Print the lines below from the line with "A Recreation Enthusiast's" to the line with "厚手のウール混紡フリース生地を使用し、保温性に優れたミドル丈のジャケット。" exactly, keeping both ends, and print no pictures.

━━━ Data section ━━━

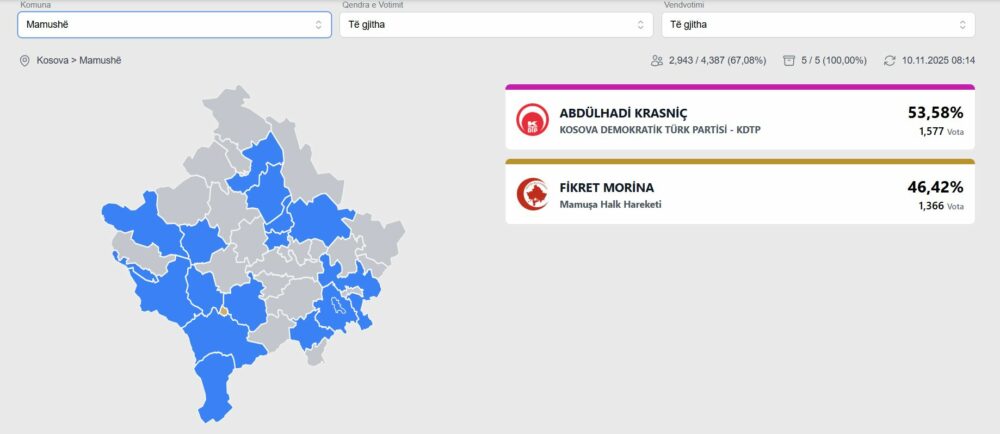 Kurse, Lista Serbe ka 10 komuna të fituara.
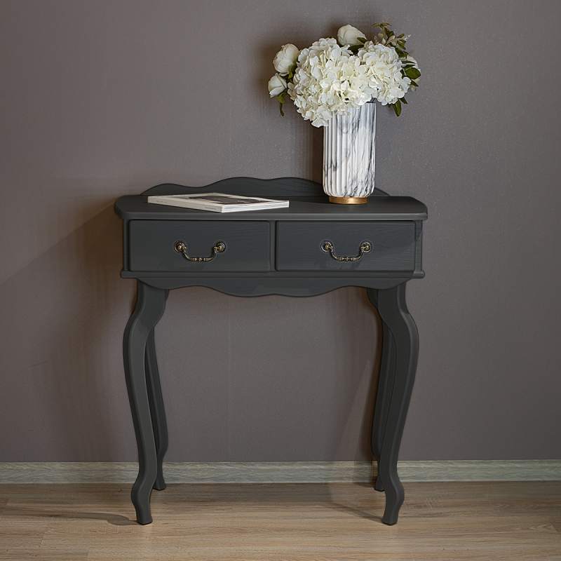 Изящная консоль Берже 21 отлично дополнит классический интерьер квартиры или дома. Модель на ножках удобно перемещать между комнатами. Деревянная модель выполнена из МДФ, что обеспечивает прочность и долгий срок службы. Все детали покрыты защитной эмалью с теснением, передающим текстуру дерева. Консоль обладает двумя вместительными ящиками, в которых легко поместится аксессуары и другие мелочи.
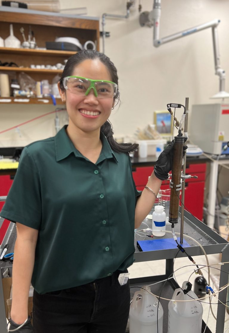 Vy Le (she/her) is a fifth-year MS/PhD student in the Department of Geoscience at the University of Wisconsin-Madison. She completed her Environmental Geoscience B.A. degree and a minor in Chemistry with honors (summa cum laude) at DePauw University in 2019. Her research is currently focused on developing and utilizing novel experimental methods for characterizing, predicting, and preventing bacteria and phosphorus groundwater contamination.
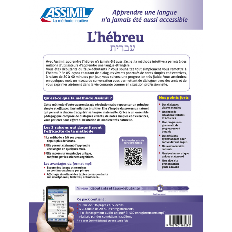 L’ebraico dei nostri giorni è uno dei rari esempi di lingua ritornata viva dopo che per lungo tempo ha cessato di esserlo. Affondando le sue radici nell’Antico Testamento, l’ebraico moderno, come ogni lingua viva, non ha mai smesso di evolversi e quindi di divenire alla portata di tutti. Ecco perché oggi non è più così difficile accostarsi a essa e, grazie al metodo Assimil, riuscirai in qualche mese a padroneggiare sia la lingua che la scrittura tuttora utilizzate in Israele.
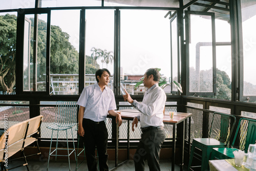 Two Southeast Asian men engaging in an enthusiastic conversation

━━━
━━━ Data section ━━━

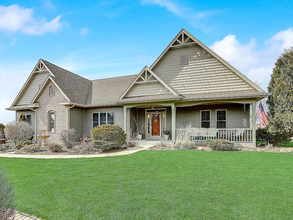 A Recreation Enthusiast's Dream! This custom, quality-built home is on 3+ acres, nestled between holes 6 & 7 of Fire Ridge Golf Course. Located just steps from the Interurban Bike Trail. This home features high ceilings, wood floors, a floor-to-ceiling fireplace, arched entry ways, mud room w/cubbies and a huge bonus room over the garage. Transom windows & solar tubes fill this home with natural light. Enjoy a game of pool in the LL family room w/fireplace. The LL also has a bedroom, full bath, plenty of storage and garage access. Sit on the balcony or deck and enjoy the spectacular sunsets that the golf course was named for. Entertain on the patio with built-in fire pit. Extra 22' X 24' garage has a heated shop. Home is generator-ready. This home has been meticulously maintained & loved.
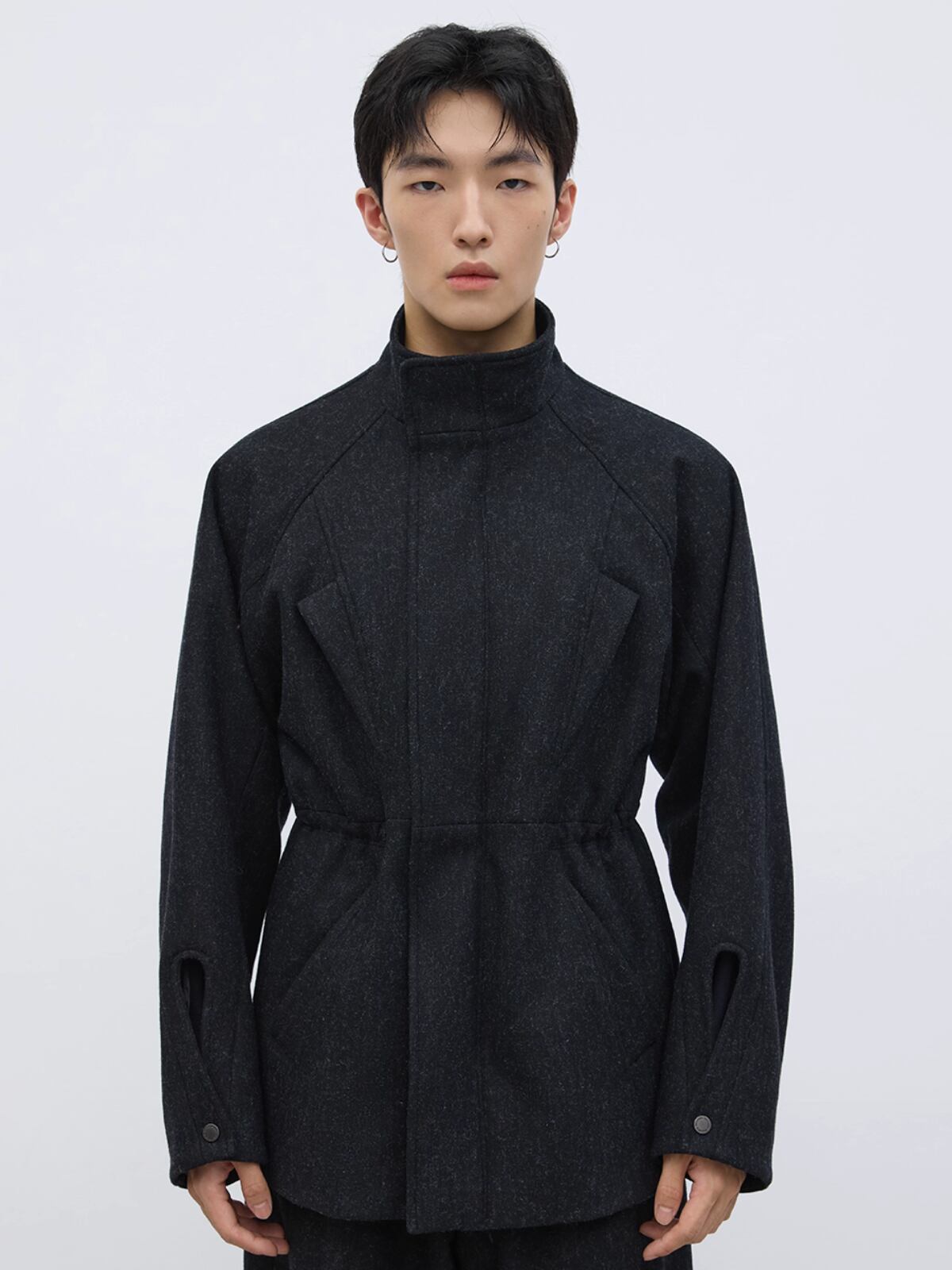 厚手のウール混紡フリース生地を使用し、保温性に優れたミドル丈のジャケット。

━━━
━━━ Data section ━━━

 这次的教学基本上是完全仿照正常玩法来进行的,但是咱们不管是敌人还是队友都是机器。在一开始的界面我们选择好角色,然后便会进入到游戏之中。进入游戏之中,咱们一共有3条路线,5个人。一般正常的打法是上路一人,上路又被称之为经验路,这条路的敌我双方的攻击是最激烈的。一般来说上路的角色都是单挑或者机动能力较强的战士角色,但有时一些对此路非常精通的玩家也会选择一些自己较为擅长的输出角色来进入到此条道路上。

━━━

# Answer section:
 A Recreation Enthusiast's Dream! This custom, quality-built home is on 3+ acres, nestled between holes 6 & 7 of Fire Ridge Golf Course. Located just steps from the Interurban Bike Trail. This home features high ceilings, wood floors, a floor-to-ceiling fireplace, arched entry ways, mud room w/cubbies and a huge bonus room over the garage. Transom windows & solar tubes fill this home with natural light. Enjoy a game of pool in the LL family room w/fireplace. The LL also has a bedroom, full bath, plenty of storage and garage access. Sit on the balcony or deck and enjoy the spectacular sunsets that the golf course was named for. Entertain on the patio with built-in fire pit. Extra 22' X 24' garage has a heated shop. Home is generator-ready. This home has been meticulously maintained & loved.
 厚手のウール混紡フリース生地を使用し、保温性に優れたミドル丈のジャケット。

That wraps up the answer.